A50&CSI300&SSE50 arb report

Fang • submitted 2017-04-20 20:22:26

We set the data range from 2015/4/16—2016/8/26 to run the regression.
The independent variables for CSI300 and SSE50 are named as x and y respectively. The dependable variable A50 is named as z. Each index is multiplied by the contract multiplier and converted into Chinese Yuan.

First of all, we calculated the correlation between each two of the indexes as following:

> cor(x,y)
[1] 0.9872779
> cor(x,z)
[1] 0.9759849

And we run the ordinary least square (OLS) linear regression in R:

> lm1<-lm(z~x+y)
> lm1

Call:
lm(formula = z ~ x + y)

Coefficients:
(Intercept) x y 
1.749e+04 -1.587e-03 7.128e-02

The result showed some defects:
1, the intercept is an oversized number.
2, the coefficient for x, CSI300, is negative.
3, obvious collinearity and difficult to eliminate.

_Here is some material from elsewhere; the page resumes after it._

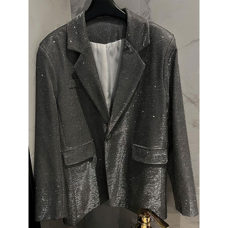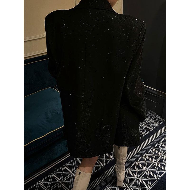 Chubby Girl Extra Large Size150kg European Station Autumn Women's Design Retro Sequin Suit Long Coat Women
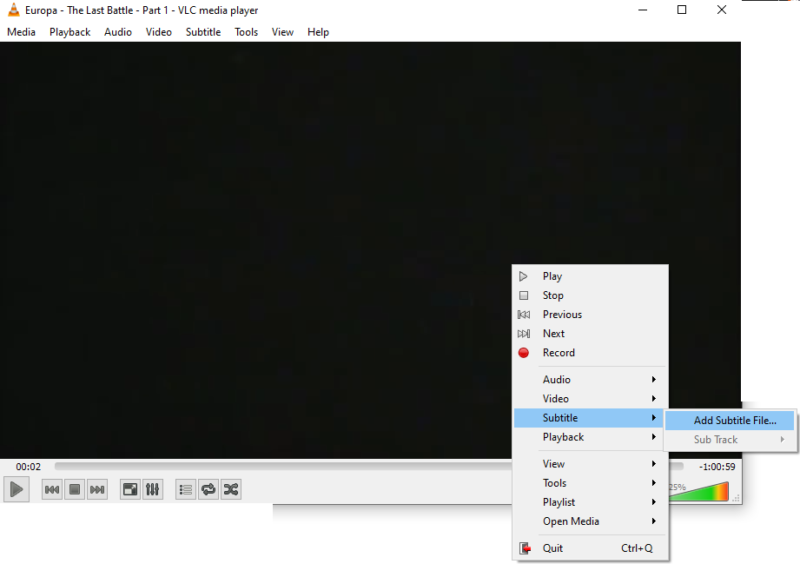 - Deschideți documentarul folosind VLC Media Player, apoi dați click dreapta pe ecran, Subtitle – Add Subtitle File, selectând fișierul pe care l-ați descărcat adineaori.

With logarithmic – conversion, we set x1=log(x), y1 = log(y).We run the regression again:

> x1<-log(x)
> y1<-log(y)
> z1<-log(z)
> lm2<-lm(z1~x1+y1)
> summary(lm2)

Call:
lm(formula = z1 ~ x1 + y1)

Residuals:
Min 1Q Median 3Q Max 
-0.117396 -0.010662 0.001583 0.012657 0.038213 

Coefficients:
Estimate Std. Error t value Pr(>|t|) 
(Intercept) 1.04649 0.08893 11.768 <2e-16 ***
x1 -0.02634 0.04259 -0.619 0.537 
y1 0.77376 0.04473 17.297 <2e-16 ***
---
Signif. codes: 0 ‘***’ 0.001 ‘**’ 0.01 ‘*’ 0.05 ‘.’ 0.1 ‘ ’ 1

Residual standard error: 0.01874 on 335 degrees of freedom
Multiple R-squared: 0.9745, Adjusted R-squared: 0.9744 
F-statistic: 6407 on 2 and 335 DF, p-value: < 2.2e-16

The negative coefficient remained.

Graph is plotted to show collinearity between x1 and y1 as below:

> plot(x1~y1,col="red")

We applied regularization method to set a limit for the intercept. And run the ridge regression to process the data with collinearity.
With lm.ridge()function, we acquired 151 lambdas and selected the lambda with Generalized Cross Validation (GCV) when lambdaGCV is at minimum.

> library(MASS)
> ridge.sol<-lm.ridge(z1~x1+y1, lambda = seq(0,150,length =151),model = TRUE)
> ridge.sol$lambda[which.min(ridge.sol$GCV)]
> coef(ridge.sol)[which.min(ridge.sol$GCV),]
> matplot(ridge.sol$lambda,t(ridge.sol$coef),xlab = expression(lambda),ylab="cofficients",type="l",lty=1:20)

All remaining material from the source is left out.